:: Record extracts

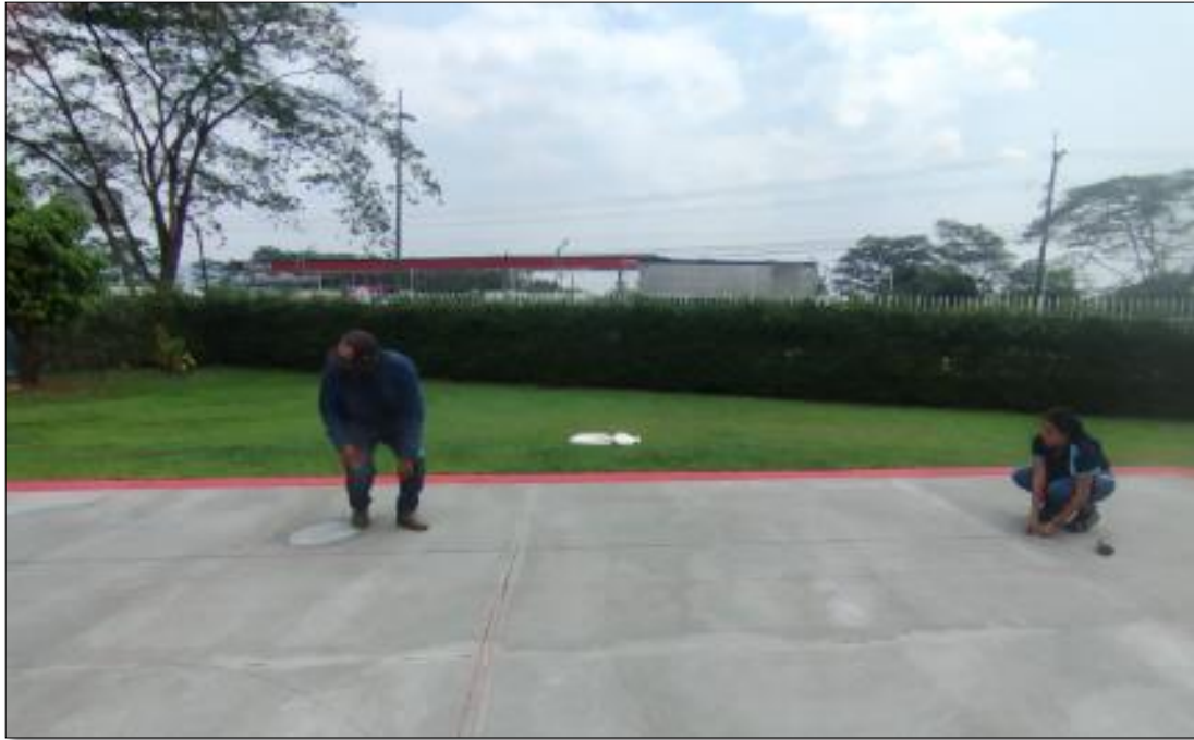
Ilustración 9. Actividades realizadas. Fuente propia, 2024.

Se hizo una visita en el conjunto Saint Thomas (Acacias) junto con el tutor de la empresa realizando actividad del mantenimiento correctivo de la demarcación de la cancha, con ayuda de los trabajadores encargados de dicha actividad.
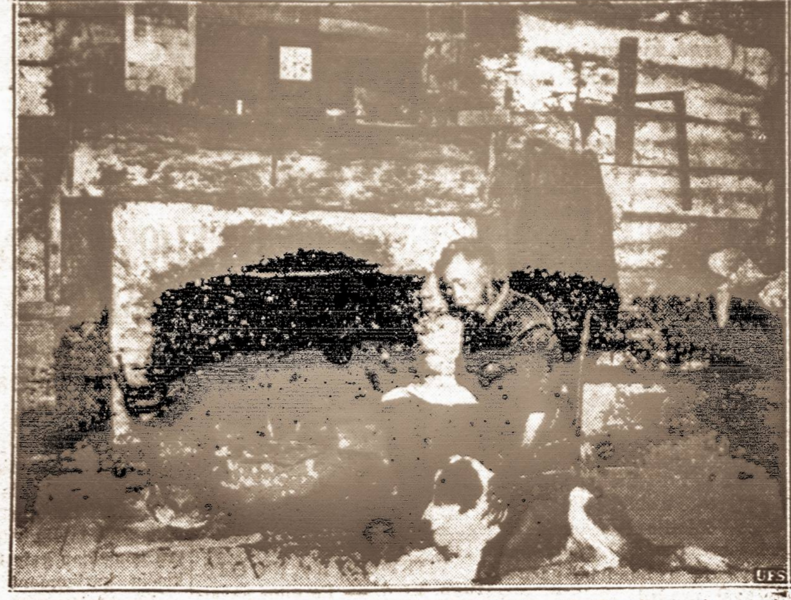
Židinys dega nuo 1789 metų. — 1789 metais Blue Ridge, N. Carolina, vienas pionierius pirmą kartą uždegė ugnį šiame židinyje. Nuo to laiko vienas vietinis gyventojas, pamainomis, nuolat kūrė šią ugnį iki šių dienų. Prie židinio matyti ugnies prižiūrėtojas ir jo šuo.
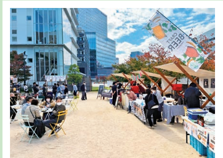
昨年のカラフルマルシェの様子
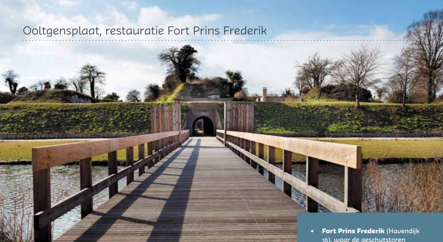
Fort Prins Frederik met gereconstrueerde toegangsbrug.
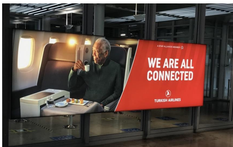
Figure 9.1. « Nous sommes tous connectés » : à qui s'adresse le « nous » de cette publicité d'une compagnie aérienne à l'aéroport de Nuremberg ?
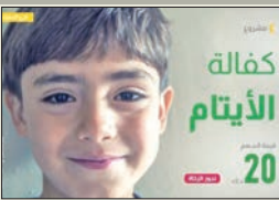
كفالة الأيتام 20

أطلقت جمعية إحياء التراث الإسلامي مبادرة إنسانية كويتية تهدف إلى مساعدة الأيتام واليتيمات داخل الكويت، وسد حاجتهم، لإدخال السرور على قلوبهم. وأوضحت الجمعية، في بيانها، أنه يجوز دفع الكفالة لمشروع كفالة الأيتام حسب فتاوى العلماء، كما يمكن المساهمة فيه من أموال الصدقة والتبرعات العامة، خصوصاً أنه من المشاريع المهمة جداً، نظراً للحاجة الماسة إليه.
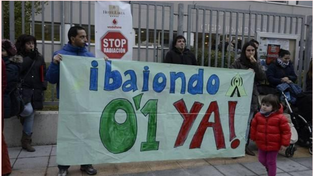
Familias de la ikastola Ibaiondo en Gasteiz.
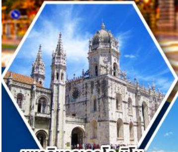
มหาวิหารเจอรูนิโม
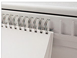
Peigne de positionnement de l'élément de reliure.
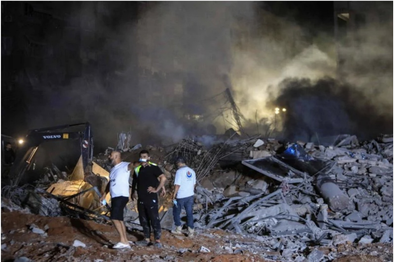
Des bâtiments en ruine après la frappe israélienne contre la banlieue sud de Beyrouth ce vendredi.

https://www.lorientlejour.com/article/1428879/israel-fait-le-choix-de-la-guerre-totale-au-liban.html [
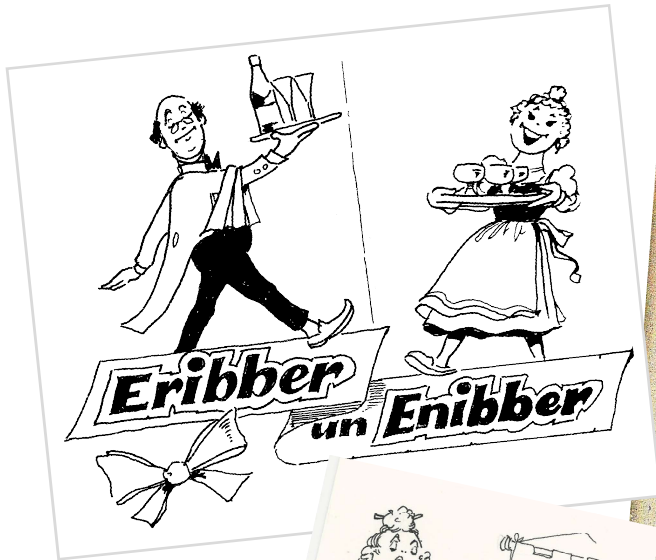
Titelskizze für das gleichnamige Theaterstück, rechts Illustration zum ersten Buch „En Dutt voll Micke“.
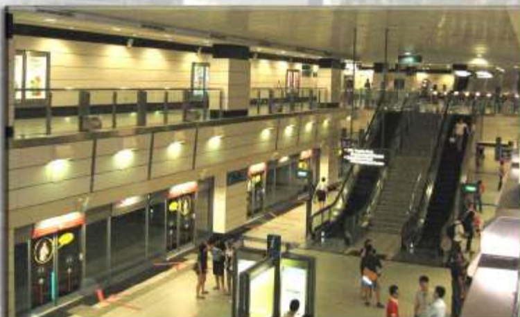
Các kỹ sư của PICON tham quan hệ thống tàu điện ngầm ở Singapore
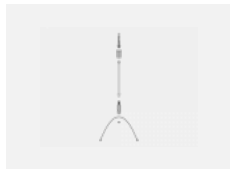
121-00302, N Seilaufhängung 6000mm
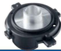
Bague de copiage Ø 17 mm
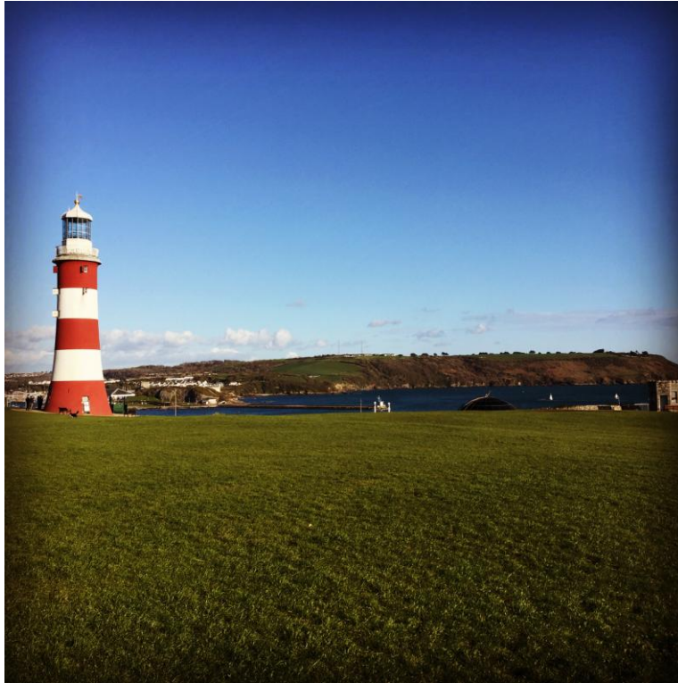
Faro di Plymouth

Sul promontorio che domina il porto e la città intera si trovano una possente cittadella ed un ampio parco pubblico su cui svetta la sagoma bianca e rossa di un faro spostato qui da una scoglio marino.
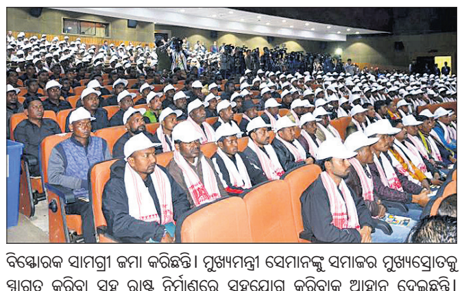
ବିଶ୍ୱାସୀ ଉଗ୍ରପକ୍ଷୀମାନେ ଆତ୍ମସମର୍ପଣ କରିବା ପାଇଁ ସମର୍ଥନ ଦେଇଛନ୍ତି। ମୁଖ୍ୟମନ୍ତ୍ରୀ ସେମାନଙ୍କୁ ସମାଜର ମୁଖ୍ୟସ୍ରୋତକୁ ସ୍ୱାଗତ କରିବା ସହ ରାଷ୍ଟ୍ର ନିର୍ମାଣରେ ସହଯୋଗ କରିବାକୁ ଆହ୍ୱାନ ଦେଇଛନ୍ତି।

ଉଗ୍ରପକ୍ଷୀ ଆତ୍ମସମର୍ପଣ କରିବା ଏହା ପ୍ରଥମ ଘଟଣା ହୋଇଥିବାବେଳେ ପୋଲିସ୍ ତିଳି ଭାଷ୍ଟରଭେଂସି ମହନ୍ତ ଏହାକୁ ଏକ ବିଶେଷ ଦିନ ବୋଲି କହିଛନ୍ତି। ଉଲ୍‌ଫା (ସାଧାନ)ରୁ ୫୦ ଜଣ, ଏନ୍‌ଡିଏଫ୍‌ସି ୮, ଆଦିବାସୀ ଡ୍ରାଗନ ଫାଇଟର (ଏଡିଏଫ୍)ରୁ ୧୨୮ ଜଣ ଆତ୍ମସମର୍ପଣ କରିଛନ୍ତି। ଉଗ୍ରପକ୍ଷୀମାନେ ସରକାରଙ୍କ ପାଖରେ ୧୭୭ଟି ବନ୍ଧୁକ, ବିପୁଳ ପରିମାଣର ବୁଲିଗୋଲା ଓ

::::

▶ **Your assignment**:
Using the listing, say how many lines include the word "ମସମର", and add nothing else.

▶ **Answer to this exercise**:
2